Friday, April 24, 2009

Holding On

It will take time.

That's what many people would say when we lost my Dad just over eight months ago. Friends and family were very comforting, yet I didn't want it to take time. In that moment, I wasn't wanting to make it all better. I wanted my Dad. I've accepted that he's gone even though we didn't get to say goodbye, but I find myself holding on to memories to keep him close to my heart.

Memories like the time he sat by the pool in shorts and a John Deere hat, watching proudly as I tried to teach Griffin to overcome his fear of swimming. He would shout out words of encouragement in between puffs on his cigar, and Griffin would take bigger risks with each try. These moments make me smile.

Yet, I'm also holding on to tangible stuff.

A receipt from McDonald's where Dad bought his last coffee, a piece of wallpaper from his home, the last grocery list he wrote. I look at it from time to time and smile, admiring the way he wrote in all caps. I saved the gift box that held the bracelet he and mom gave me for Mother's Day, and I tucked away our family photo that was used on his last Christmas card. The Butler Bulldogs t-shirt that I got him is now in my closet, and I sometimes pull out a pair of his thick, white socks and put them on my feet to help me feel close.

I do these things to help ease the pain.

We all have our own way of grieving. Some may say that gathering pine cones that dropped from the trees around his pool is silly, but I still found myself collecting the sticky things last month and placing them in a plastic bag. What I will do with them I don't know.

The sun continues to rise each day, yet it sometimes feels like the hourglass of life got knocked over and sand is just barely sifting through. And who knows, time may one day ease the pain. Until then, I'm holding on to the things Dad left behind.

Pinecones and all.

3 comments:

Anonymous said...

Deborah,
This Saturday, April 25, marks three years that I have lived on this earth without my sister. She died of breast cancer and things have never been the same.

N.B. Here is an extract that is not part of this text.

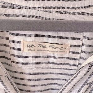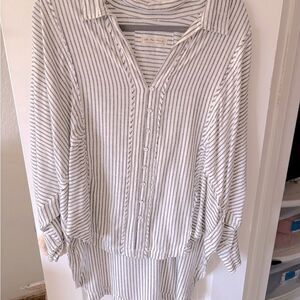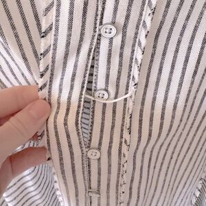 Elevate your wardrobe with Women's Striped Button-Up Top. Featuring a classic black and white stripe design, this top is perfect for any occasion. Comfortable and stylish, it's a must-have addition to your collection.

I, like yourself, have the last receipt of when we had lunch for the last time at Applebee's for her favorite blondie dessert...which she could barely swallow. That was weeks before her death. I also have her thumb print, which is cast in gold, that was made the morning of her death (after I finally let go of her hand) that I wear around my neck. My neice recently came across a card that my sister intended to write in, but never got the chance...she didn't have to though, the card said it all. I touch it knowing that she once had done so, and I read it often.

Time has not made it any eaiser, but I have gone from "bitter" to "better" but only by the grace of God, who is ever present and whom strengthens me daily.

I knew your dad, he lived across the street from me. He always waved and smiled from his truck. I knew that your parents must have done something right because every Sunday all of you would come home and have dinner. My husband would always say, "That's what I want our boys to do when they are gone and grown."

Every fourth of July or Memorial Day I could look across the street and see family around and hear lots of laughter. It's those memories that we hold on to and pass on to our own children.

With every new season comes reflection (especially during the first year) after the death of a loved one. Embrace every memory, scent, and feeling and know that it is all part of God's perfect plan and we will once again be reunited with our loved ones!

Warm hugs,

Holly McMullen

I love your blog and can't wait until your book comes out...you have quite a gift...my youngest son has your blog on his "favorites" because he loves to read the stories about your boys:) Keep them coming!

deb said...

Holly,

Thank you so much for taking the time to write. I first want to say that I am sorry for the loss of your sister. I know what you mean when you say you will never be the same. I will be thinking of you tomorrow on what I'm sure will be a difficult day. Sounds like you had a great relationship with your sis.

Your words that Dad would smile at you and wave were my favorite. I love hearing those things. If I remember right, you have three boys?, and Dad would smile and laugh when he saw them in your driveway.

Thanks so much for reading the blog, and for reaching out. Tell your family I said hello.

Deb

Anonymous said...

Deb thanks so much for sharing your stories about your wonderful family with your listeners. My grandparents have been gone for almost ten years and I think of them often. My grandma collected red birds,, anything with a red bird on it she hadto have it Today I had to be at work very early, it just happened that I saw a red bird and it kind of made me sad, but then I thought what my grandma always said that when you see a red bird something good is coming your way. Just wanted to share that.